Total pages in book: 181
Estimated words: 171979 (not accurate)
Estimated Reading Time in minutes: 860(@200wpm)___ 688(@250wpm)___ 573(@300wpm)
Estimated words: 171979 (not accurate)
Estimated Reading Time in minutes: 860(@200wpm)___ 688(@250wpm)___ 573(@300wpm)
“You don’t happen to have any video games, do you? I’m usually wide awake at this time, working on my game or playing. I’m a night owl,” she politely added, stating the obvious.
He nodded before going up to his bedroom, and she annoyingly followed behind.
“You don’t mind, do you?”
Sal flexed his jaw. “Guess not.”
Seeing the loft-like bedroom upstairs, then the huge walk-in closet, she couldn’t help but appreciate the amenities. “Damn, it just keeps getting better and better.”
Going to the back of his closet, he pulled out an old storage tub that, when he opened it, sent dust particles flying. Inside were all the old video games he and Terry used to play when he was a kid at the Internet café. It was a box of memories he hadn’t opened since the day he’d placed the items in there. After his haunting dream, it gave him a bittersweet feeling to see them again.
“A Nintendo 64!” Valerie squealed, grabbing the system up carefully, along with the controllers.
He could instantly tell she looked at it the same way he did—with bittersweet memories of her own.
“I’m jealous you kept yours. I had to sell mine after I got kicked out of my home.”
Sal felt for the poor girl, knowing if it weren’t for Terry, he wouldn’t have had a single thing from his childhood. While the car he drove was the Coupe de Ville his mom had owned for that short period of time, he knew it wasn’t the exact one as the original that had gotten impounded. There was just something about still owning the original you had as a child that made the nostalgia of something so much better.
“Oh my God, you have Mario Kart for it, too,” she gasped, catching sight of the game in the bottom of the tub. “I could kick anyone’s ass on Rainbow Road.”
Sal couldn’t help but let his inner child take that as a threat. “Wanna bet?”
Valerie had officially died and gone to heaven.
Here she was, in a sick-ass penthouse that overlooked the city, with a man who looked hot as hell right about now as he began plugging the old gaming system into the TV, and she was about to play Nintendo 64? This was a gamer girl’s fantasy.
If this was what the mafia was like, she wanted to sign on the dotted line. Even if she had to do it in blood, she didn’t give a fuck. This was great! Going to jail was the best thing that had ever happened to her in all her life!
“Does the mafia accept women?”
Sal stopped what he was doing for a moment, clearly taken aback by her bluntness.
Does she want to die?
Never in all his life had an outsider asked him something like that, let alone just come out and say the word mafia.

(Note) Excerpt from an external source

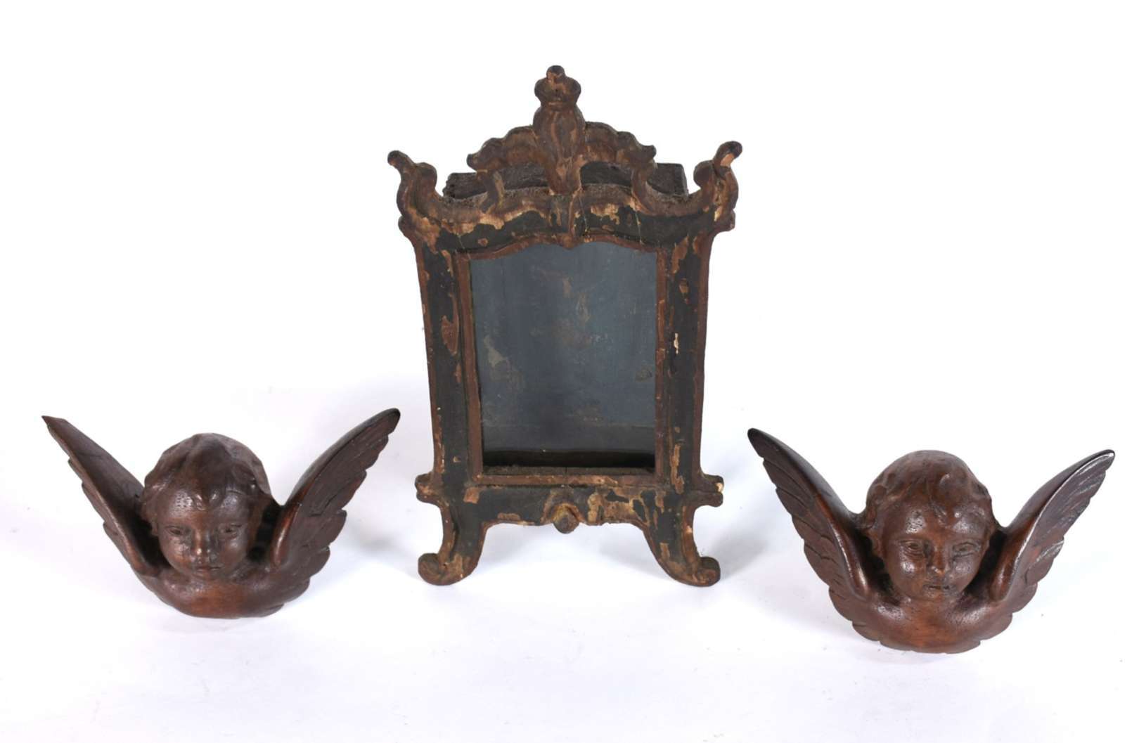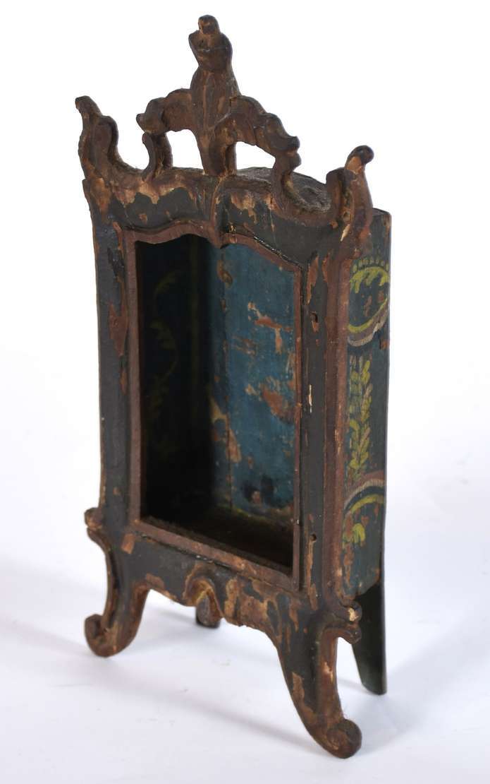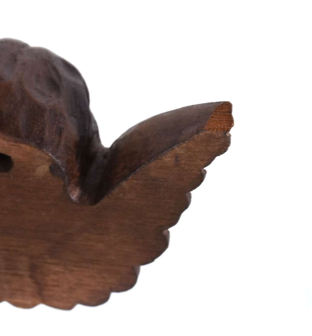 Relógio de parede com caixa de madeira entalhada feitio capelinha, pêndulo com figura de castelo.

He knew she understood how serious it was, considering she had brought a weapon in to meet the head of the family, yet she’d say risky shit like that?
The woman was an anomaly, for sure, and she was damn fucking lucky he was the one who controlled all the cameras and audio in the Casino Hotel. God forbid Lucca heard her talk so freely.
The question was: Did he entertain it in private? Should he just shut her ass down here and now? Or did he just say fuck it, ’cause the woman wasn’t stupid enough to believe anything other than the truth, anyways?
Goddammit … Lucca’s going to kick my fucking as—
“Not exactly.”
“Well, what does not exactly mean?” she asked. Sensing Sal’s frustration with the wires, she went to help him hook it up correctly. When she took a look, it was no wonder he was having trouble—he had all the wires messed up.
What a noob.
Flustered from her questioning, Sal gave up and let her do it. He knew exactly how to hook the stupid thing up. He had only done it a million times growing up. He was The Great fucking Salvatore, for fuck’s sake. If she knew he was the notorious hacker, there was no way Valerie would have even stepped in to help in the first place. Knowing her degree and job, he knew without a shadow of a doubt Valerie knew of The Great Salvatore, but he had yet to tell her, secretly hoping it would never come out. If he thought she talked too much now, he would never get her to shut up if she did know exactly who he was. All the questions she’d ask him about how he did this or that would be endless. This whole time, Valerie was thinking he was hiding only the fact he was a made man, when in actuality, little did she know he was more concerned with hiding his even bigger secret.
“Come on …” Valerie nudged, looking like she was about to resort to begging. “I promise I won’t tell anyone. I haven’t even been able to contact my friend.” You could see something click in her mind, then. “Shit, he’s probably worried sick, actually. I’ll need to find a way to talk to him—”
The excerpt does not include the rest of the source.